A luscious cheesecake layered with spiced apples on a delicious cookie crust, perfect for vegan dessert lovers.
Prep Time 15 minutes
Cook Time 50 minutes
Total Time 1 hour 5 minutes
Servings: 8 servings
Course: Dessert
Cuisine: Vegan
Calories: 300

Ingredients
  

For the cheesecake filling
  • 1 cup cashews, soaked Soak cashews for at least 30 minutes.
  • 1 block firm tofu, drained Use firm or extra-firm tofu for best results.
  • 1/2 cup maple syrup Adjust sweetness to taste.
  • 1 tsp vanilla extract Use pure vanilla extract for more flavor.
  • 1/2 cup coconut cream Use full-fat coconut milk and chill to separate cream.
For the apple topping
  • 2 cups apples, peeled and sliced Choose sweet apples like Fuji or Honeycrisp.
  • 1 tsp cinnamon Add more if you like it spicier.
For the crust
  • 1 cup Biscoff cookies, crushed You can use other vegan cookies if desired.
  • 1/4 cup coconut oil, melted Ensure it's not too hot when mixing.

Method
 

Preparation
  1. Preheat the oven to 350°F (175°C).
  2. In a blender, combine soaked cashews, tofu, maple syrup, vanilla extract, and coconut cream.

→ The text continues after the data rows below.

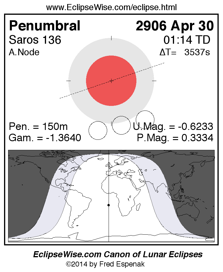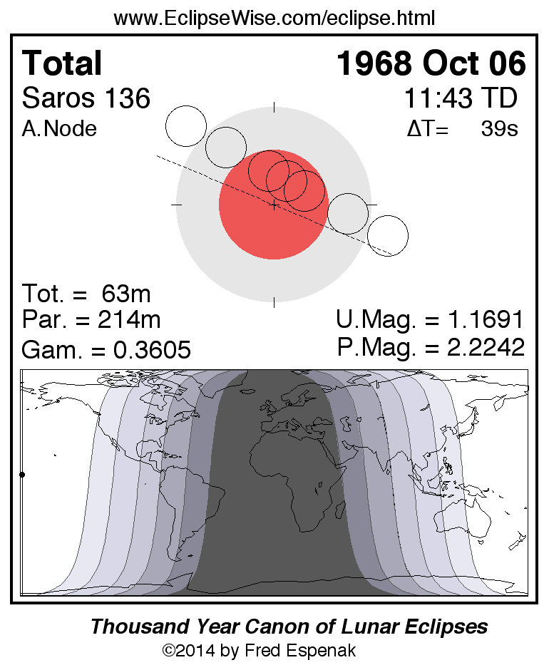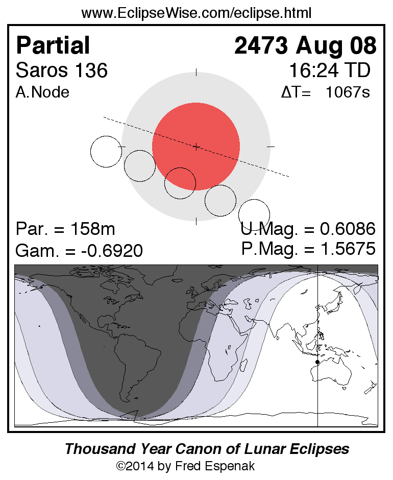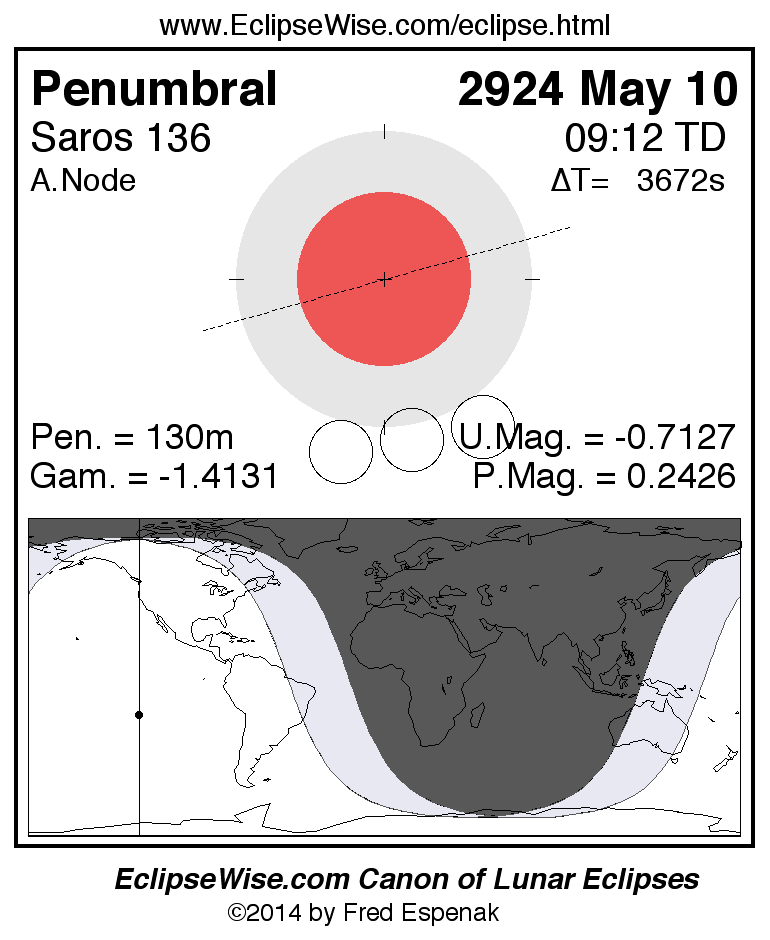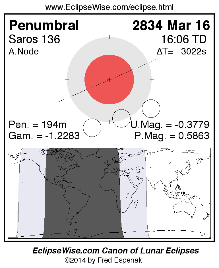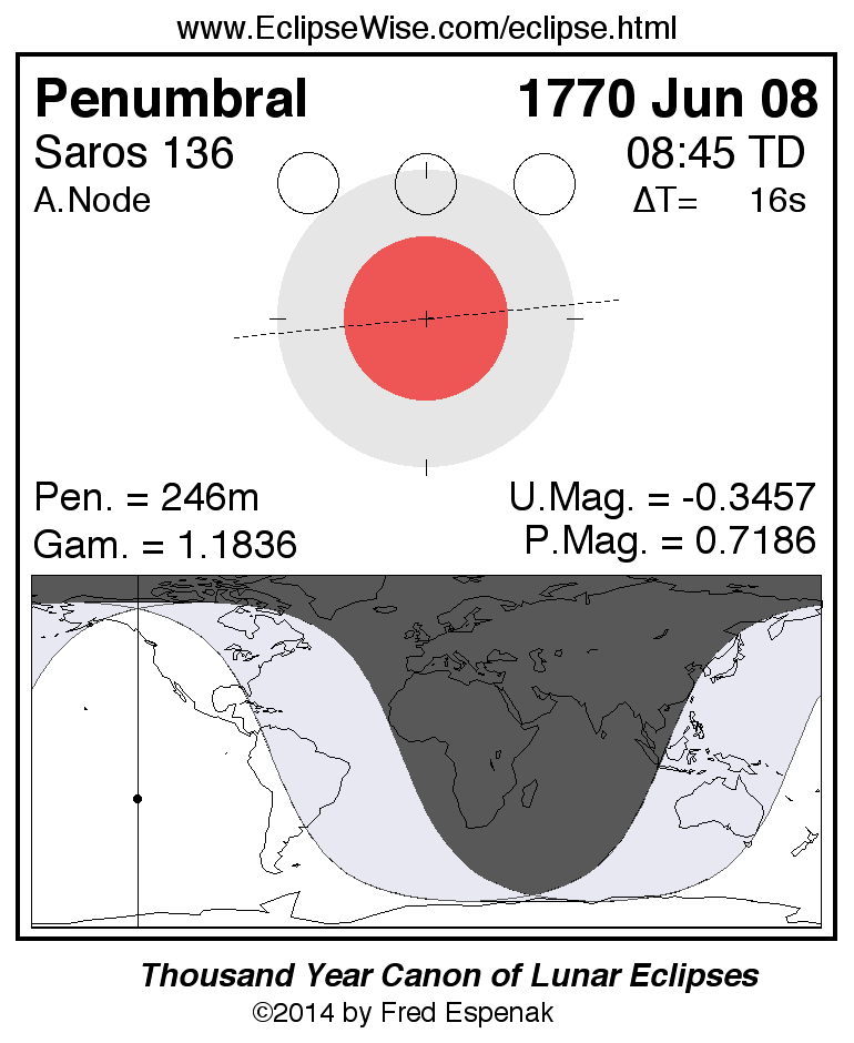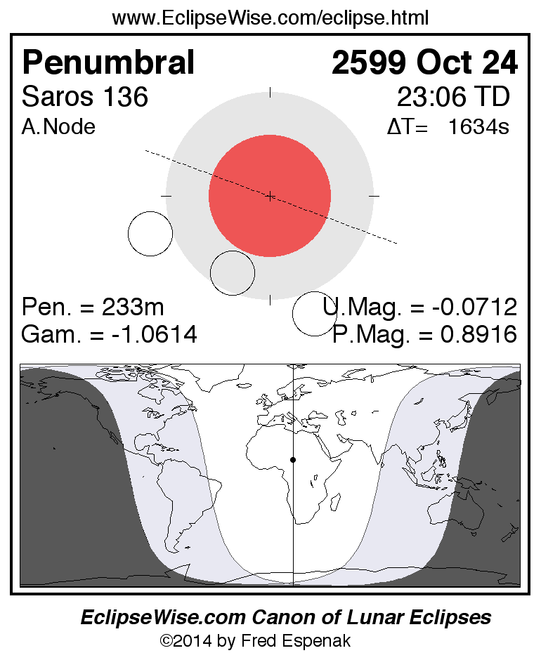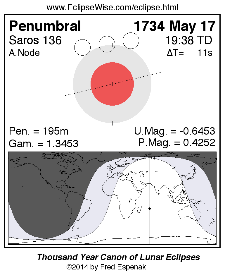 A panorama of all lunar eclipses belonging to Saros 136 is presented here. Each figure shows the Moon's path with respect to Earth's penumbral and umbral shadows. Below the path is a map depicting the geographic region of visibility for the eclipse. The date and time are given for the instant of Greatest Eclipse. Every figure serves as a hyperlink to the EclipseWise Prime page for that eclipse with a larger figure and complete details for the eclipse. Visit the Key to Lunar Eclipse Figures for a detailed explanation of these diagrams. Near the bottom of this page are a series of hyperlinks for more on lunar eclipses.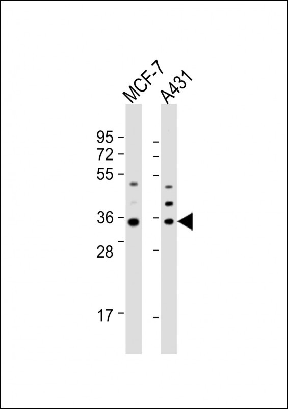 All lanes : Anti-Cyclin D1 Antibody (S90) at 1:2000 dilution Lane 1: MCF-7 whole cell lysate Lane 2: A431 whole cell lysate Lysates/proteins at 20 μg per lane. Secondary Goat Anti-Rabbit IgG, (H+L), Peroxidase conjugated at 1/10000 dilution. Predicted band size : 34 kDa Blocking/Dilution buffer: 5% NFDM/TBST. |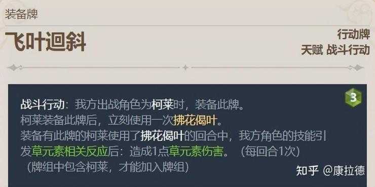 科莱的命座,飞叶迴斜(3白)极其超模。此命座首先不亏费(大多数命座都亏1费),其次是高贵的草伤,而且提供的这点草伤害享受激化的加成,以一己之力造就了6骰打10血的开服神话,基本天梯里人人都被这一套见面杀过。
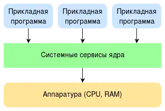 - Монолітна архітектура. ОС визначається як набір модулів, взаємодіючих між собою всередині ядра системи і надають прикладному ПО вхідні інтерфейси для звернень до апаратури. Основний недолік цього принципу побудови ОС полягає в поганій передбаченості її поведінки, викликаної складною взаємодією модулів між собою.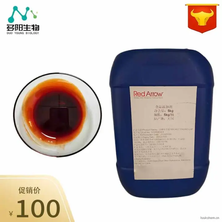 烟熏液是采用硬质果木干山楂果核为基础原料,经高温分解、干馏制成的一种具有天然烟熏风味的香味料。在生产制作工程中不添加加任何化学成分。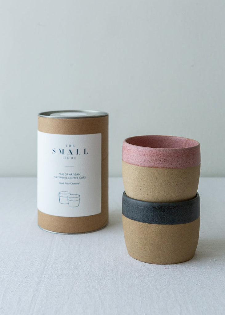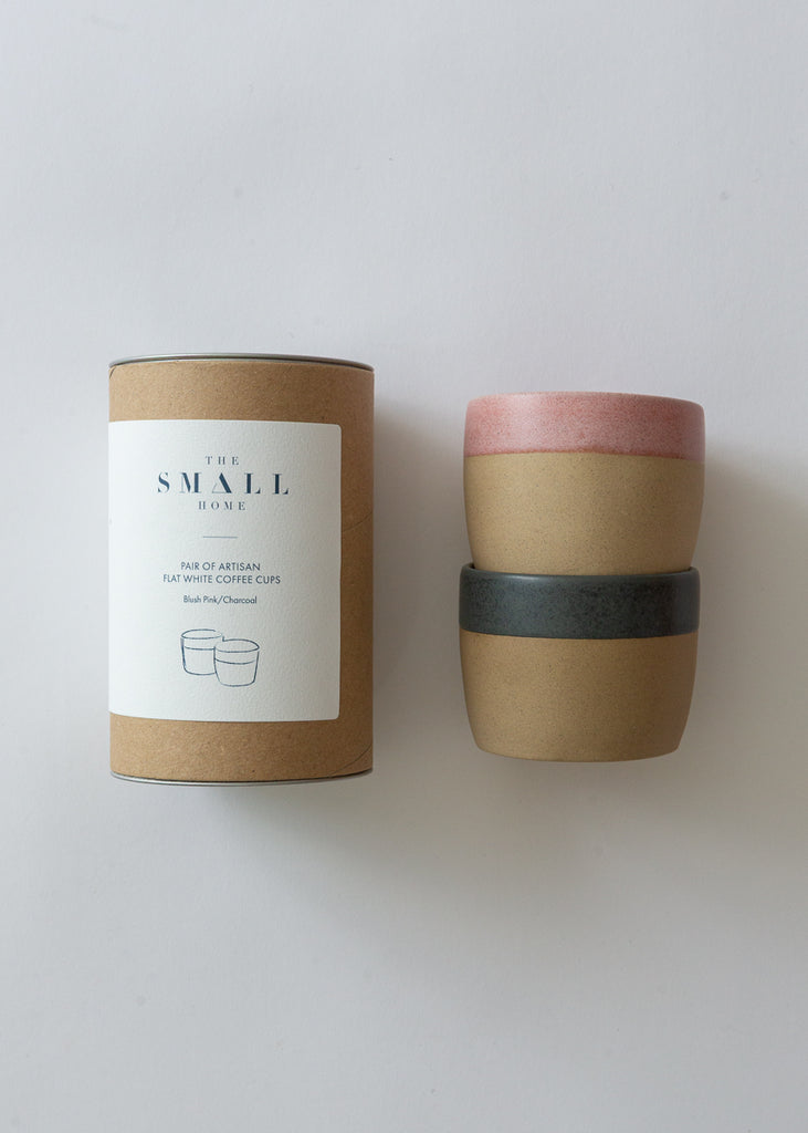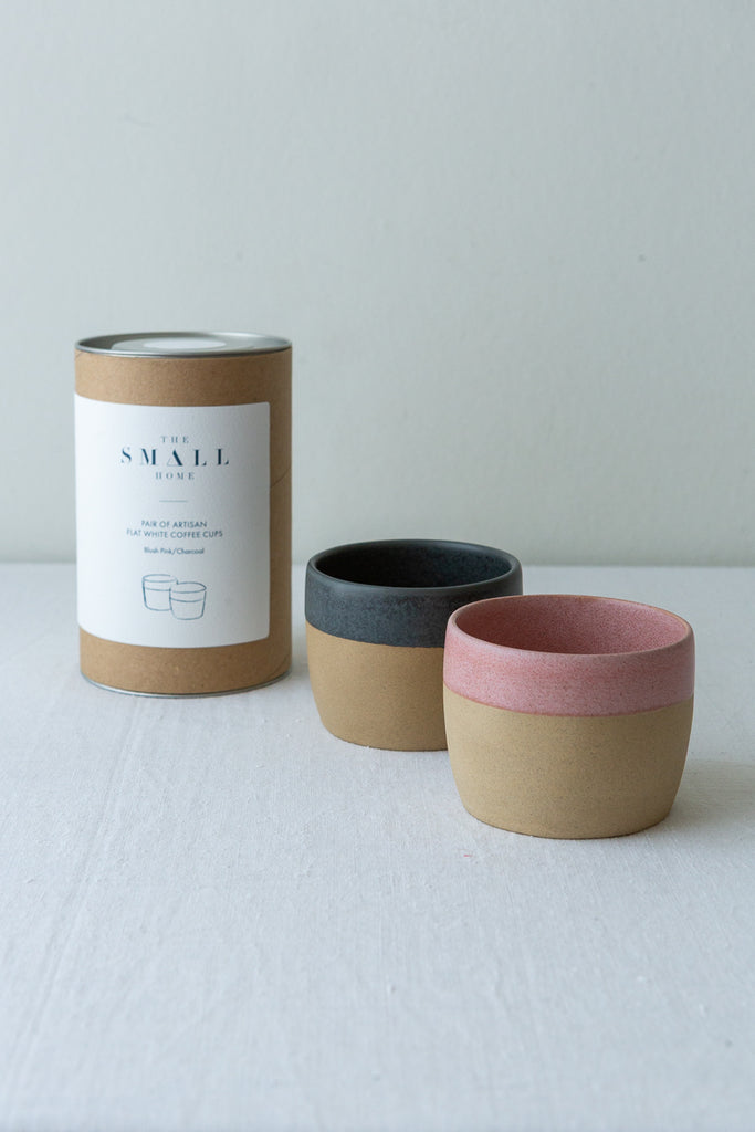Each set comes with a pair of coffee cups, one blush pink, one charcoal - a lovely gift for a coffee lover.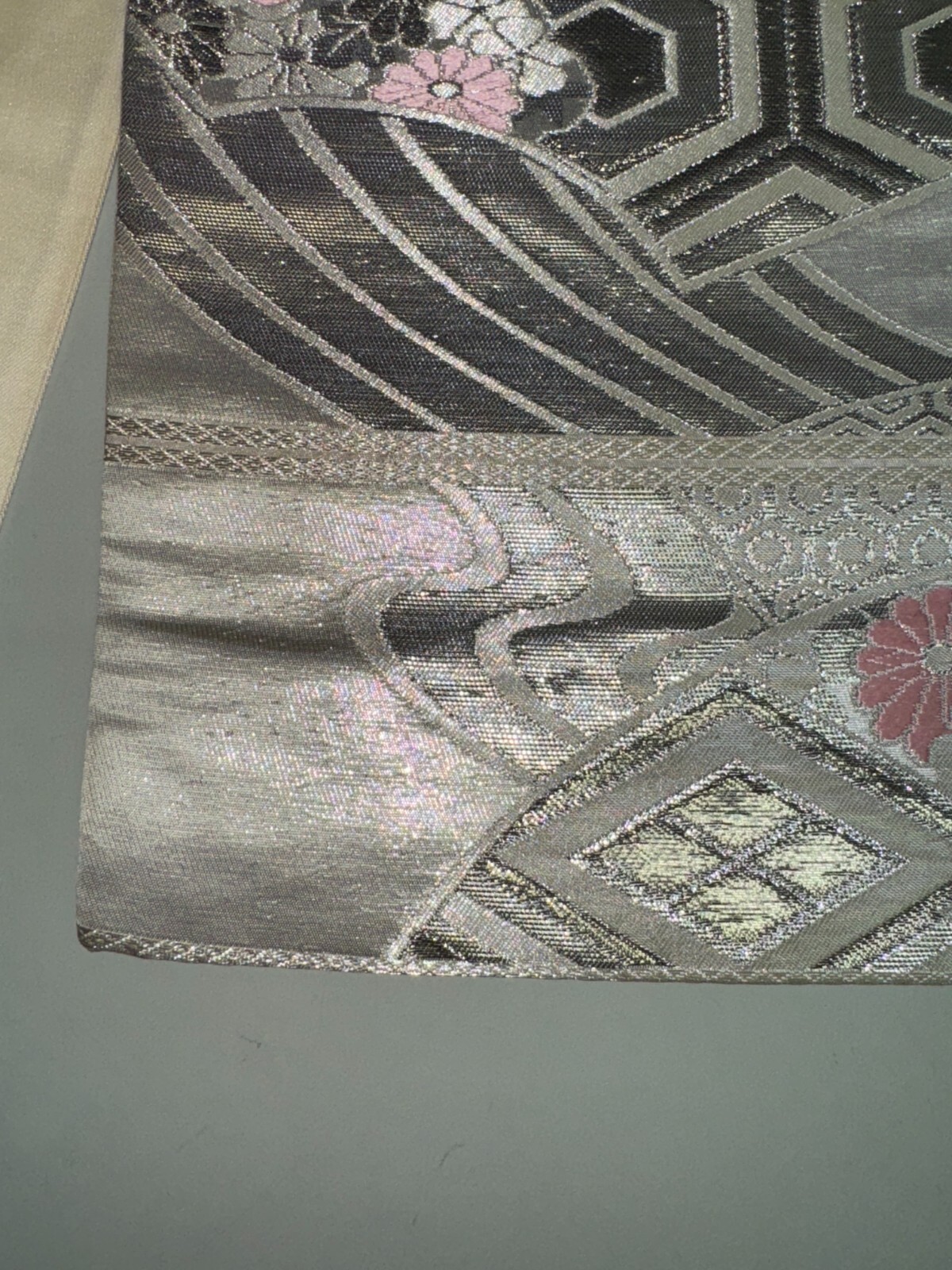 Japanese Vintage Kimono Fukuro Obi silk Silver expensive Embroidery 161.4x11.8in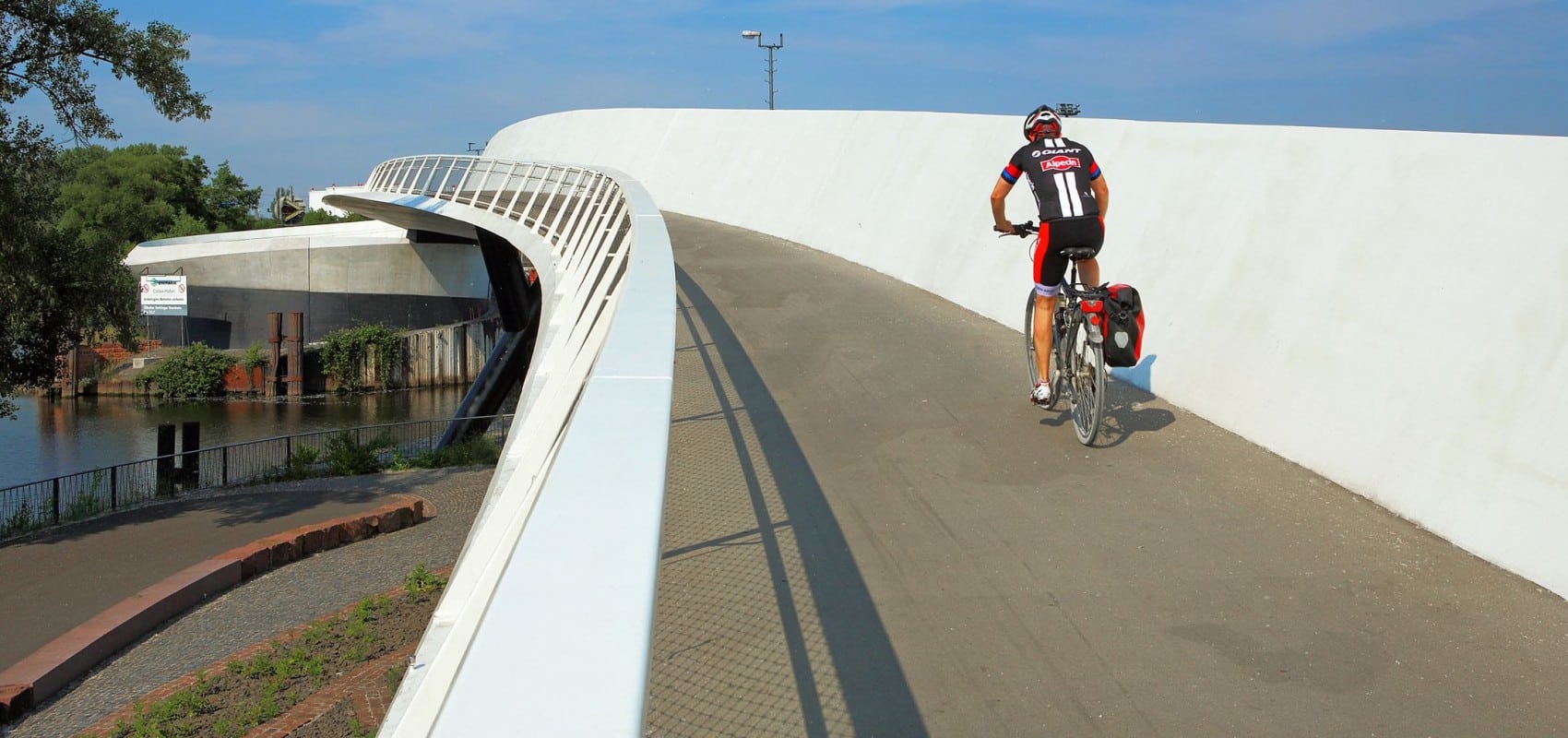 Pedestrian and cyclist bridge over the Raunheim oil harbour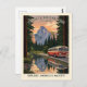 A vintage red tour bus drives along a road reflecting in a calm river, with a majestic mountain and trees in the background.
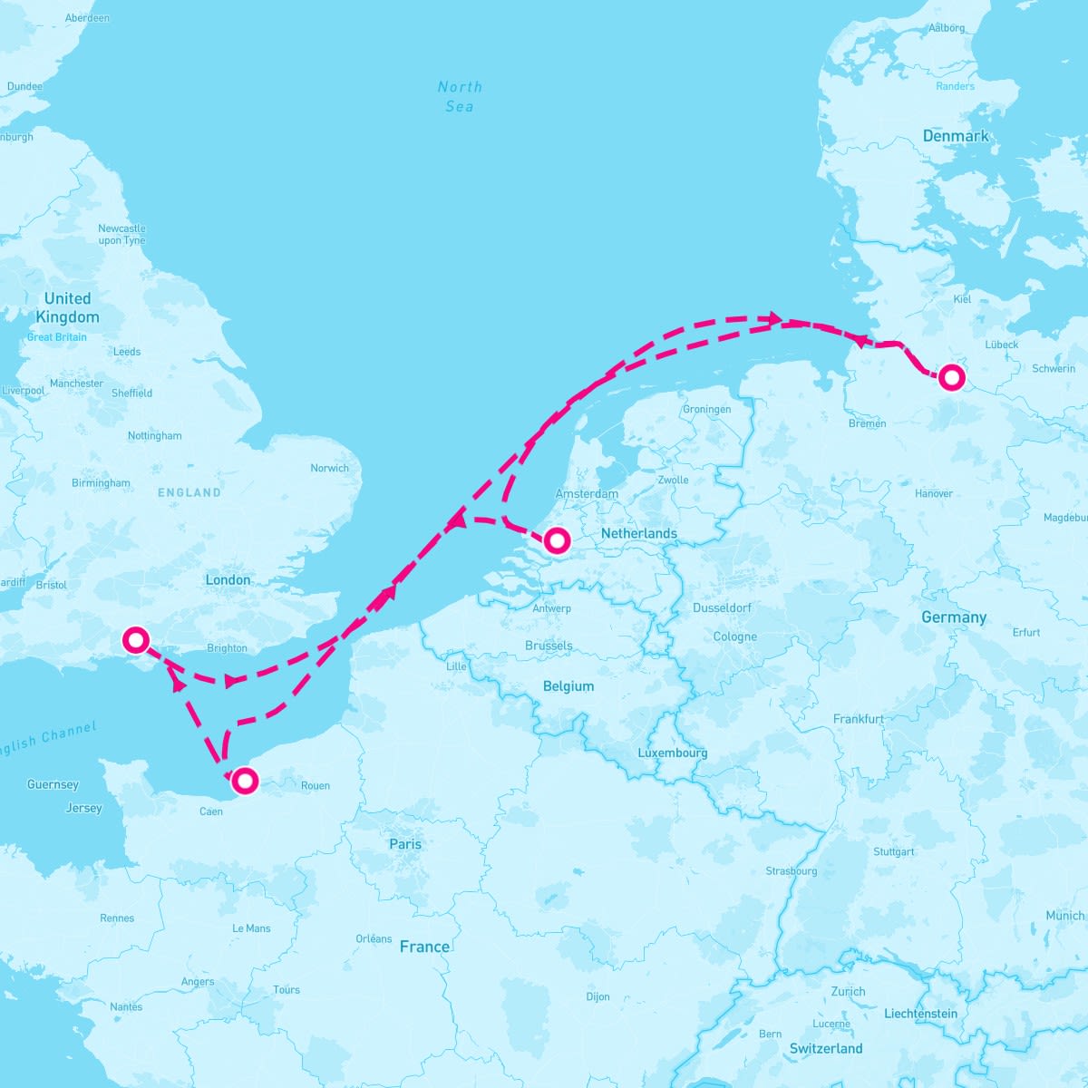 This route includes southampton-england, hamburg-germany, rotterdam-netherlands, le-havre-france.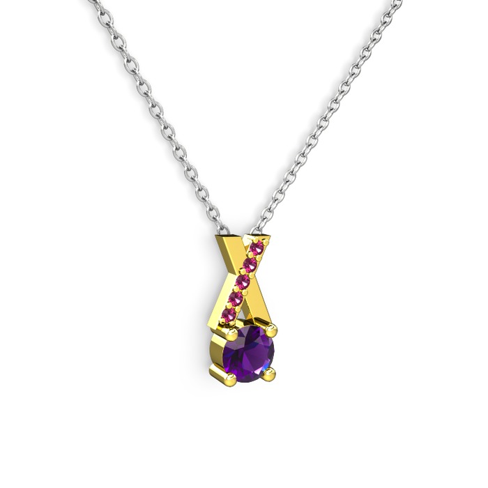 Ametist ve rodolit garnet 18 ayar altın kolye (40 cm beyaz altın rolo zincir)

Blend until smooth and creamy.
  3. In a bowl, mix crushed Biscoff cookies with melted coconut oil to form the crust. Press it into the bottom of a springform pan.
  4. Toss the sliced apples with cinnamon in another bowl.
Layering and Baking
  1. Pour the cashew-tofu mixture over the crust, then layer the spiced apples on top.
  2. Bake for 45-50 minutes, or until the cheesecake is set.
  3. Allow it to cool, then refrigerate for a few hours before serving.

Notes

Let the cheesecake cool before refrigerating to let the flavors meld. Drizzle with maple syrup or add whipped coconut cream when serving.